Gas and Electricity

We had another working weekend on the boat this last weekend and we were tackling two pretty big projects:

1) Replacing the gas cooker
2) Replacing the fridge.

We had found a very good LPG cooker on line which has flame failure devices on all burners and an electric ignition driven from a battery. Its an Electrolux and has four burners with a tiny little “simmer” one and a rather large burner and two nice sized ones. Its not a “boat” cooker but it meets ALL the requirements of the BSS and we did find that the “Official” recommendations for the ventilation for fitting it in a house/flat are less stringent than the BSS for fitting it in a boat. For example they assume that if you don’t have a lot of fixed ventilation then you’ll simply open a window. Whereas the BSS just assumes that you are so stupid that you’ll suffocate to death before opening the window!

The fridge is an under counter fitted style one which we got hold of second hand.

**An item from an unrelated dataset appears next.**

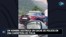 Un hombre destroza un coche de policía en una carretera de Italia
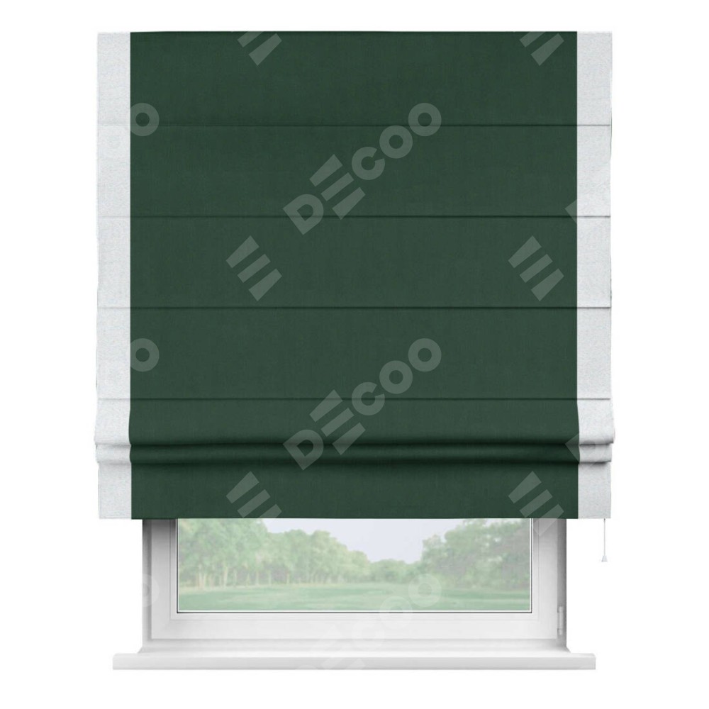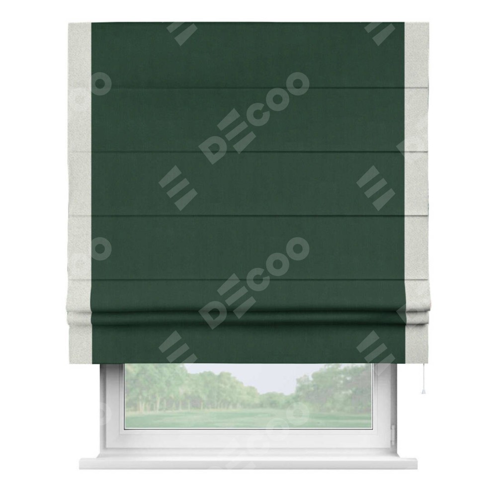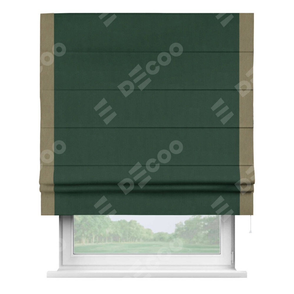 Римская штора производителя «Cortin», используется для проёма, пошита из ткани блэкаут однотонный зелёный, артикул ткани 91572−2. Отделка шторы кантом «Стрим Дуо», ткань для канта используется из блэкаута однотонного разной расцветки на выбор. Имеет универсальный механизм и подходит для монтажа: на потолок, на стену и в нишу.

Its made by Whirlpool and is supposedly an A rated fridge.We’d taken the fridge up previous to do some tests and we were happy that it would work so we were going to fit it.

The proposed plan of action was:

1) Remove old gas fridge
2) Remove front of cupboard round old fridge space
3) Put new fridge into space and fix it in place
4) Remove old gas cooker
5) Move boat off mooring to unload old cooker and fridge and to load new cooker. We have to move the boat because the jetty isn’t as long as the boat and due to a design mistake when the boat was being fitted out you can’t get large objects through a dog leg round the bathroom. So anything big has to go in and out through the front door, so we needed to move the boat.
6) Install new cooker
7) Replace T in gas line where the fridge was tapped off it with a through connector.

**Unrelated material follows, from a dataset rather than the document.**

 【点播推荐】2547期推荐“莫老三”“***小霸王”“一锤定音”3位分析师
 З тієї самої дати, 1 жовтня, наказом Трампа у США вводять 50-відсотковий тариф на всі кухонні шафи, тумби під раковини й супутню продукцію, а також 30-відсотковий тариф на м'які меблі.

It sounds simple but it all went wrong at stage 2 as the gas line to the old fridge went through a wooden partition that we needed to remove to put the new fridge in. So we had to turn the gas off and remove the gas line to the fridge. It was at this point that we found that the through connector was shorter than the T piece which meant we would have to move the whole gas line from the cooker backwards.

So we started doing work in parallel. I worked on the fridge and Nick removed all the clips that hold the gas line in place so we could move it back. We checked the new cooker and found that we would need a fitting that we didn’t have so we drove down to Norbury junction and picked up the fitting and grabbed a coffee as it was going to be quite a while before we could have another warm drink on the boat.

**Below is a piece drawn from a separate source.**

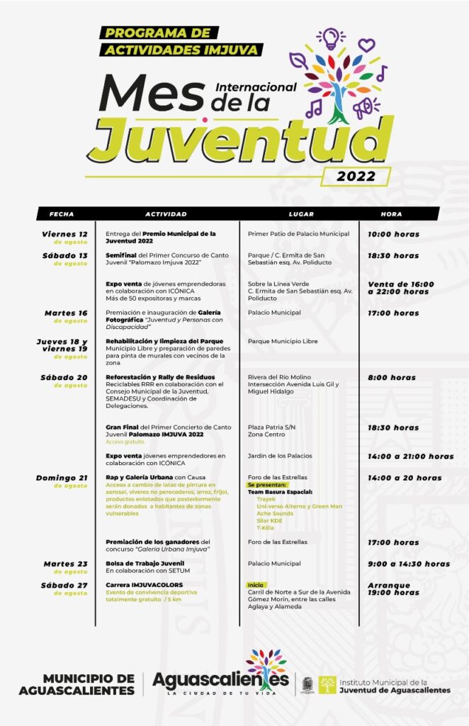 La Presidencia Municipal de Aguascalientes dio a conocer las actividades que se llevarán a cabo durante agosto para conmemorar el Mes de la Juventud, a través de las cuales se reconoce e impulsa el talento, habilidades y se abren espacios de expresión y ventanas de oportunidad para este sector que representa más del 30 por ciento de la población en la entidad.

The new cooker has two gas feeds, one at either side of the cooker and in the instructions it recommends that the flexi pipe to the cooker does not cross the back of it. This was actually good news as it meant we could move the gas line backwards, giving us the spare we needed to take out the T junction and it also moved the stop valve and the bubble test point into a much more accessible position.

So now with both the old appliances disconnected we moved the boat over onto the public moorings on the other side of the canal and Nick walked along the path to the town centre (marked as Disabled friendly and thus ideal for running a sack trolley, with a cooker on it, along) and I went back to the mooring, collected the car and drove back to meet him.

We brought the new cooker to the boat and then took the old cooker and fridge to the car and then I drove the car back to the moorings.

We now had everything ready to go and apart from having to cut some of the old work surface away behind the cooker slot as the new cooker is deeper than the old one, everything went pretty well, apart from a few gas leaks but we sorted those out pretty quickly.

There is still some tidying up work to be done, in that we need new splash backs round the cooker and the fridge needs some trim putting round it but those are things we can do in the evenings if we want.

New Mains powered fridge

New Mains powered fridge

New Cooker in place

New Cooker in place

Its going to take a little getting used to the new cooker and the flame failure devices but it boils a kettle really quickly on the big burner and we’re going to have to play a bit with the fridge as it had semi frozen the sausages by Sunday morning.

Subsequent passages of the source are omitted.